As the latest victim of Nikki's seduction, 40ish lawyer Samantha, Anne Heche sheds plenty of clothes - but more importantly strips the character's psyche bare. The pair both use each other for various purposes of self-gratification, although it's not too long before the cruel (and amusing) barbs about penis size start flying around as Samantha becomes increasingly insecure about Nikki's misdemeanours.
Heche's raw portrayal of a woman desperate to stay young by association provides a perfect foil to Kutcher's vibrancy. At one stage she even undergoes a vaginal rejuvenation procedure through fear of her aging body becoming offputting for her sexual partner. It's both savagely funny and terribly sad at the same time, which serves as an apt description for Spread itself.
A further spanner is thrown into the works when a seemingly unattainable young waitress (Leviava) catches Nikki's eye and he craves some real affection for a change. But he's in for a big shock, for a well-executed twist throws his world into turmoil and his real soul finally starts to emerge from beneath the superficial exterior he's created.
Hallam Foe director David Mackenzie's rarely static camerawork roves in and encircling Nikki as the homeless user lurks around various properties that aren't his own. The effect is that we sense how the young man is effectively trapped within his environment, and by his selfish aspirations too. As the narrative progresses, with some great visual humour chucked in along the way, it starts to run out of steam as it nears the home straight. There's a brief sense of the movie not knowing what kind of endings to give to the undeserving characters. Fortunately, one final burst of inspiration steers it back on track.

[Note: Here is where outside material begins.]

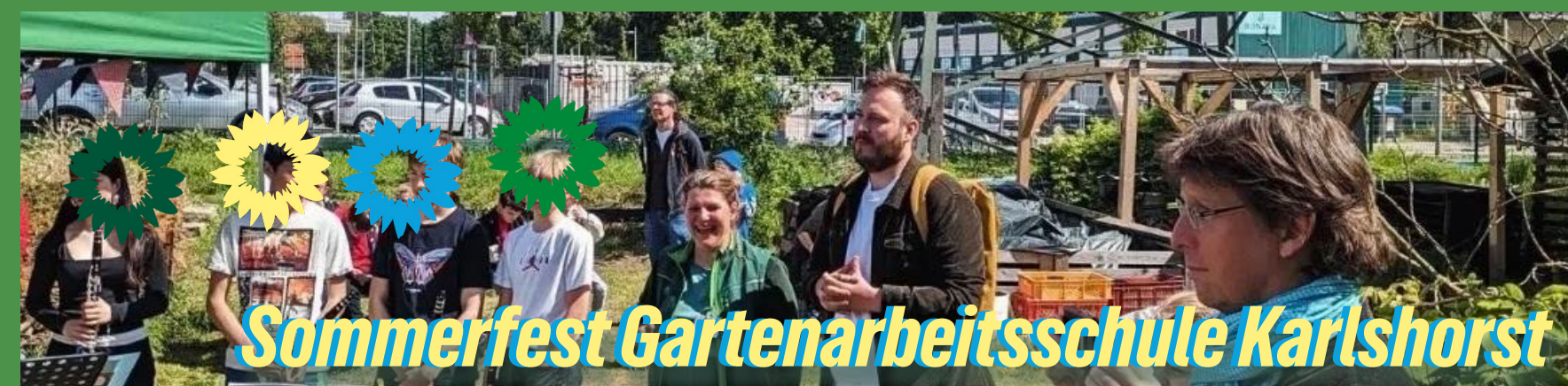
Sommerfest Gartenarbeitsschule Karlshorst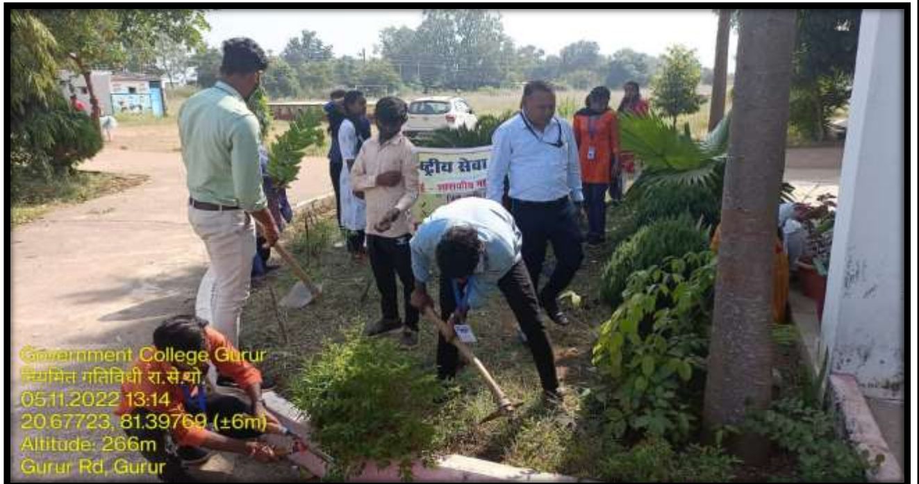
Government College Gurur नियमित गतिविधि रा.से.यो. 05.11.2022 13:14 20.67723, 81.39769 (+6m) Altitude: 266m Gurur Rd, Gurur

The very impressive Spread deserves to be a cherished gem. The lack of sympathetic characters might be hard for some moviegoers to bear, but the performances of Kutcher and Heche in this offbeat flick along with Mackenzie's deft eye ensure that we're absorbed in the emotionally cold world they inhabit. The movie also contains one of the greatest closing shots ever - with one simple image involving a certain household pet symbolising all that's been witnessed before.